Given information:
+ + + + + + +

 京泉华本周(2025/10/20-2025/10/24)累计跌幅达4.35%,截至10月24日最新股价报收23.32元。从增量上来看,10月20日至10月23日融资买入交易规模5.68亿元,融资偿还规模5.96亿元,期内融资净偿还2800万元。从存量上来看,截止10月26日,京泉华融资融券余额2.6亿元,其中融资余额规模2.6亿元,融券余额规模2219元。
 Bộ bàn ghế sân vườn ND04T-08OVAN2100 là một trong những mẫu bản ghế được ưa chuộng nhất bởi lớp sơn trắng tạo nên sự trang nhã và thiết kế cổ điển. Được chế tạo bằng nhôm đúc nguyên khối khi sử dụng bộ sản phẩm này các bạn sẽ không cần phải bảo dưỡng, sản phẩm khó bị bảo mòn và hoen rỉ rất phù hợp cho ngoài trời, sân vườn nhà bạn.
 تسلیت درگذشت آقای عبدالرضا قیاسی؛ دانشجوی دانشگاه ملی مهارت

+ + + + + + +

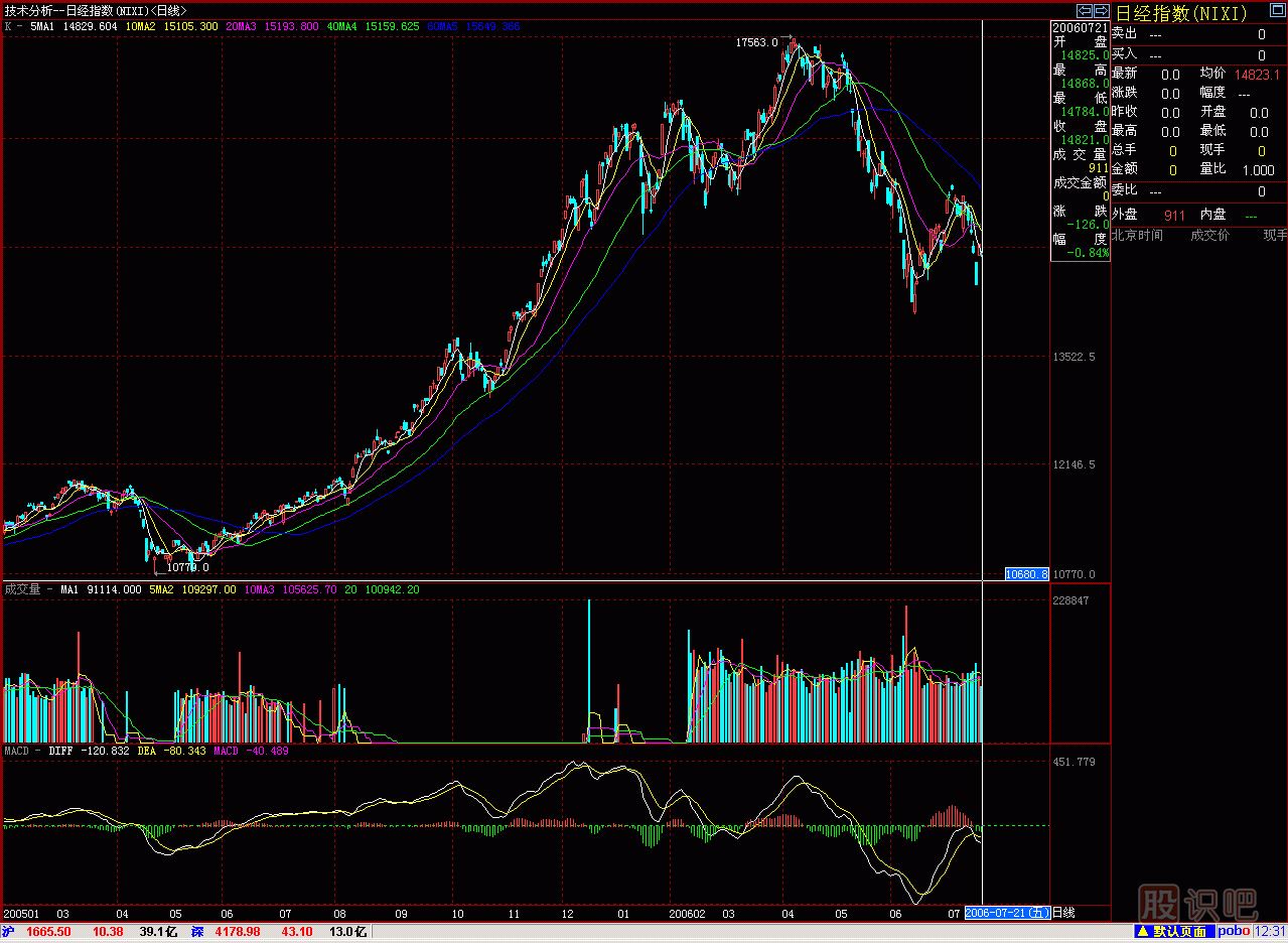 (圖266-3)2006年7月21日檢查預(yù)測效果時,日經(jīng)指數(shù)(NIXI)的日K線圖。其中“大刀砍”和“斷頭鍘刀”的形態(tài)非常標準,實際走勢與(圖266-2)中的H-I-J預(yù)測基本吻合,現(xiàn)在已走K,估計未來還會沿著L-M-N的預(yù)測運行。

+ + + + + + +

What the exercise asks: One stretch of the lines above is wanted, from the line that contains "京泉华本周(2025/10/" through the line that contains "تسلیت درگذشت آقای". Output it exactly.

Exercise response:
 京泉华本周(2025/10/20-2025/10/24)累计跌幅达4.35%,截至10月24日最新股价报收23.32元。从增量上来看,10月20日至10月23日融资买入交易规模5.68亿元,融资偿还规模5.96亿元,期内融资净偿还2800万元。从存量上来看,截止10月26日,京泉华融资融券余额2.6亿元,其中融资余额规模2.6亿元,融券余额规模2219元。
 Bộ bàn ghế sân vườn ND04T-08OVAN2100 là một trong những mẫu bản ghế được ưa chuộng nhất bởi lớp sơn trắng tạo nên sự trang nhã và thiết kế cổ điển. Được chế tạo bằng nhôm đúc nguyên khối khi sử dụng bộ sản phẩm này các bạn sẽ không cần phải bảo dưỡng, sản phẩm khó bị bảo mòn và hoen rỉ rất phù hợp cho ngoài trời, sân vườn nhà bạn.
 تسلیت درگذشت آقای عبدالرضا قیاسی؛ دانشجوی دانشگاه ملی مهارت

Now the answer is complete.